The Glide free tier caps you at 500 rows and 25 updates per day. Your first ten real users will exhaust both within a week of actual use. That is not a knock on the platform — it is the correct place to validate your data structure before committing to a paid tier. It is a reason to budget the next step before you launch.

What Glide is actually for

Glide’s canonical use case is the internal ops tool or customer-facing directory that lives in Google Sheets or Airtable. Team directories, inventory trackers, booking confirmations, event schedules, small CRMs — these are Glide’s strongest territory. The platform’s Sheets-native data model means zero data migration friction for anyone already living in spreadsheets.

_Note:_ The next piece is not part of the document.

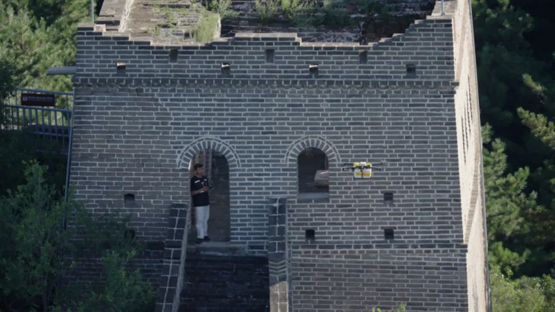 罗锡坤在八达岭长城操作无人机
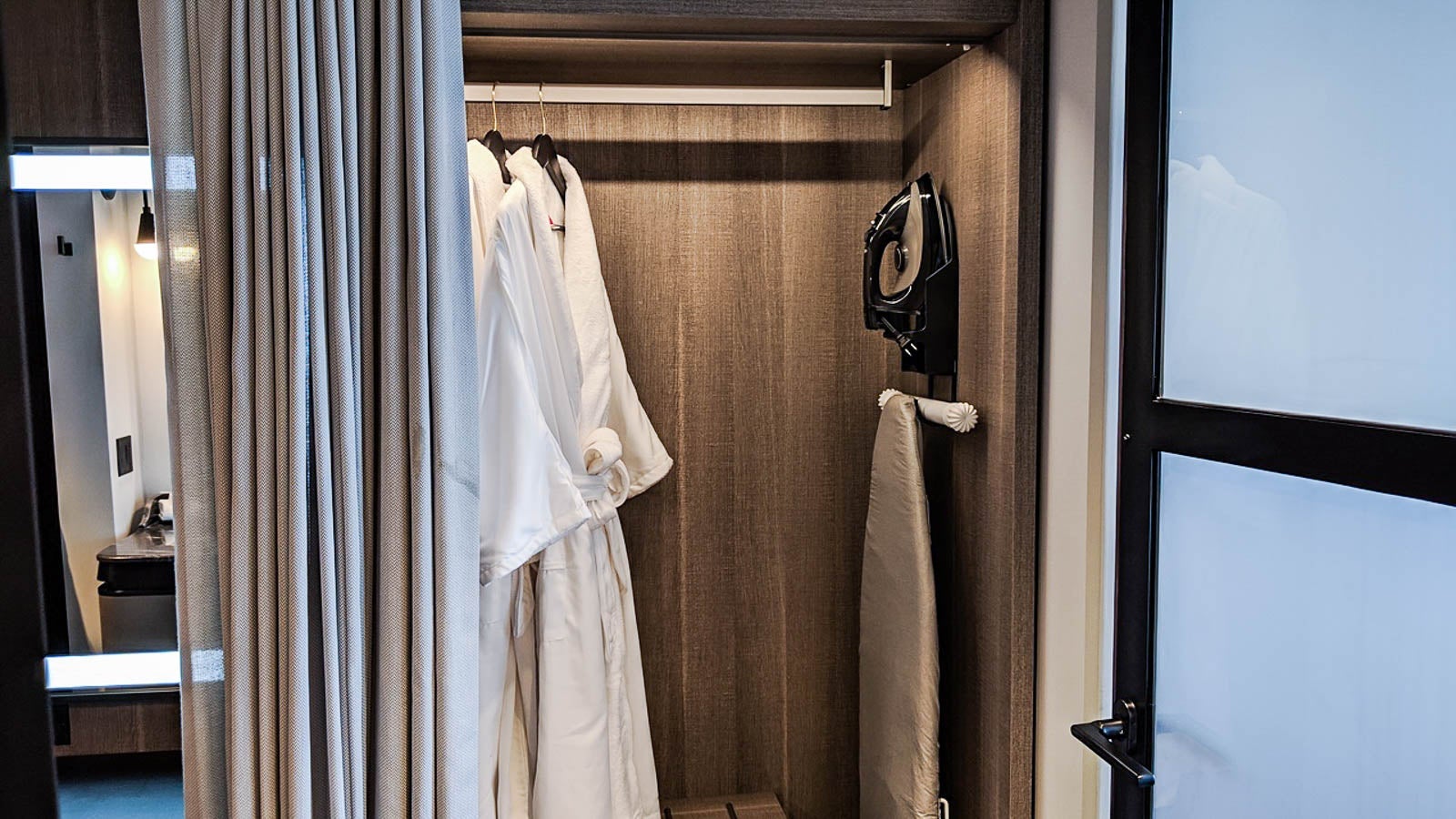 A vanity nook was tucked between the two closet sections, one of which held a complimentary yoga mat as well as the standard ironing board and iron, hangers, dry-clean bags and extra bedding.

What Glide is not built for:

  • Complex relational data (many-to-many relationships are painful)
  • Native iOS + Android App Store publishing (Glide outputs a PWA, not a native app)
  • High-frequency updates (25 updates/day on free tier; higher tiers lift this but it remains a ceiling)
  • Apps where the AI paradigm would be faster (Lovable or Bolt.new generate full-stack React apps; Glide is spreadsheet-first)

Real pricing

PlanPriceRow limitDaily updates
Free$050025
Starter$25/mo3,000500
Maker$49/moUnlimited5,000
Business$99/moUnlimitedUnlimited
EnterpriseCustomUnlimitedUnlimited

The $99/mo Business plan unlocks custom domain, branding removal, and unlimited updates. Most solo operators building a real tool for 20–100 users land at Maker ($49/mo) or Business ($99/mo) by month three of launch.

Inside the editor

Inside the editor → (expand to see testing notes)

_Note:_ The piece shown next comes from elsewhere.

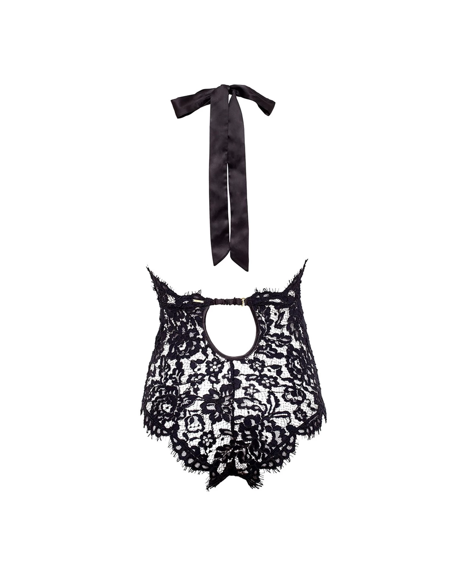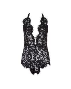 Luxurious corded lace body with seductive halter neck ribbon tie. Beautiful scooped low back detail and plunging neckline. Edged in soft elastic to hug the contours of the body creating an irresistibly sexy silhouette.
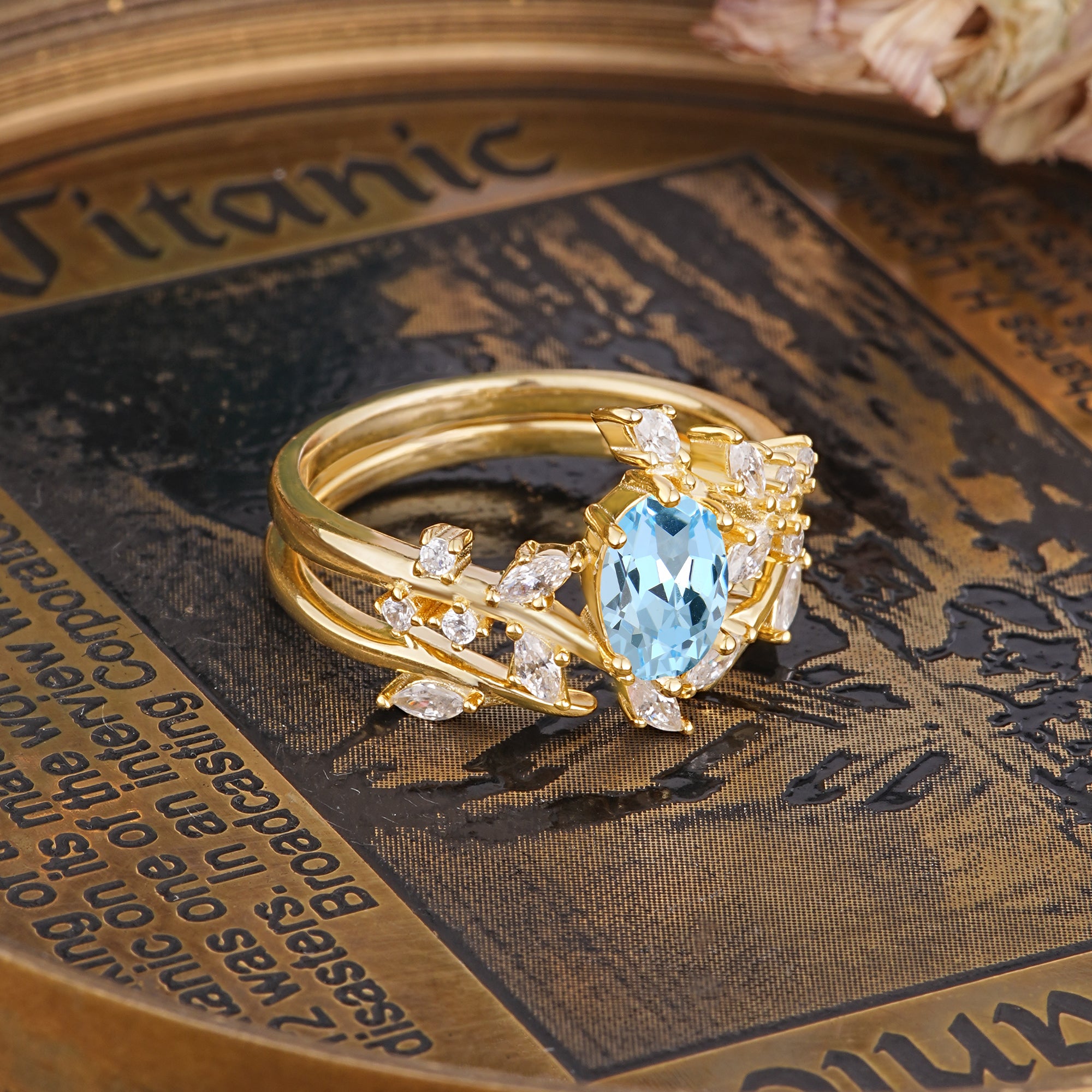 Romantic Nature-inspired 4-Prong Oval Cut Aquamarine Stacking Ring

We built an internal team directory (80 rows, Google Sheets backend) and a public-facing event schedule (150 rows, Airtable backend).

What works excellently:

  • The layout system is genuinely good for mobile. List view, card grid, calendar, map — all render cleanly on phone without configuration.
  • Data sync is instant in both directions. Edit a row in your Sheet; the app updates in seconds. No webhook setup needed.
  • The action system (buttons that trigger Sheet edits, emails, or Zapier webhooks) covers most ops use cases without code.
  • Conditional visibility (show/hide elements based on row data or user role) is powerful for role-based access control.

Where the ceiling is:

  • Computed columns are Glide’s power feature, but they’re limited. Complex cross-table lookups require workarounds.
  • The free tier limit is genuinely tight — 500 rows and 25 daily updates is two weeks of light testing for a real team.
  • PWA publishing means no App Store listing. If your users expect “download from App Store,” Glide is not the answer.
  • The UI design options are constrained by Glide’s own design system. You get clean, functional, mobile-first — not custom-branded, pixel-perfect.

What we liked

  • Zero data migration. If you already have data in Google Sheets or Airtable, Glide is live in hours, not days. The friction of starting is genuinely low.
  • Mobile-first UX out of the box. The default layouts are designed for phones. This is the platform’s most underrated advantage.
  • G2 average of 4.7/5 across 250+ reviews, with “Google Sheets integration” the top-mentioned strength. The user sentiment matches our testing.
  • Airtable support. Not just Sheets — Airtable bases work as backend, which opens the data model significantly.

What we didn’t like

  • Free tier limits are tight for real testing. 500 rows and 25 updates/day is not enough to run even a small team tool for more than a few weeks.
  • No native app publishing. For any audience expecting App Store presence, Glide produces the wrong artifact.
  • Design ceiling is low. You can customize within Glide’s design system, but you cannot break out of it without code embeds, which defeats the no-code premise.

Verdict

Glide scores 7.8. It is excellent at the thing it does — spreadsheet to mobile web app — and honest about what it doesn’t do. If your data is already in Google Sheets or Airtable and you need a usable interface for it in a day, Glide is the fastest path. If you need native mobile publishing, complex data relationships, or an AI-first workflow, other tools serve you better.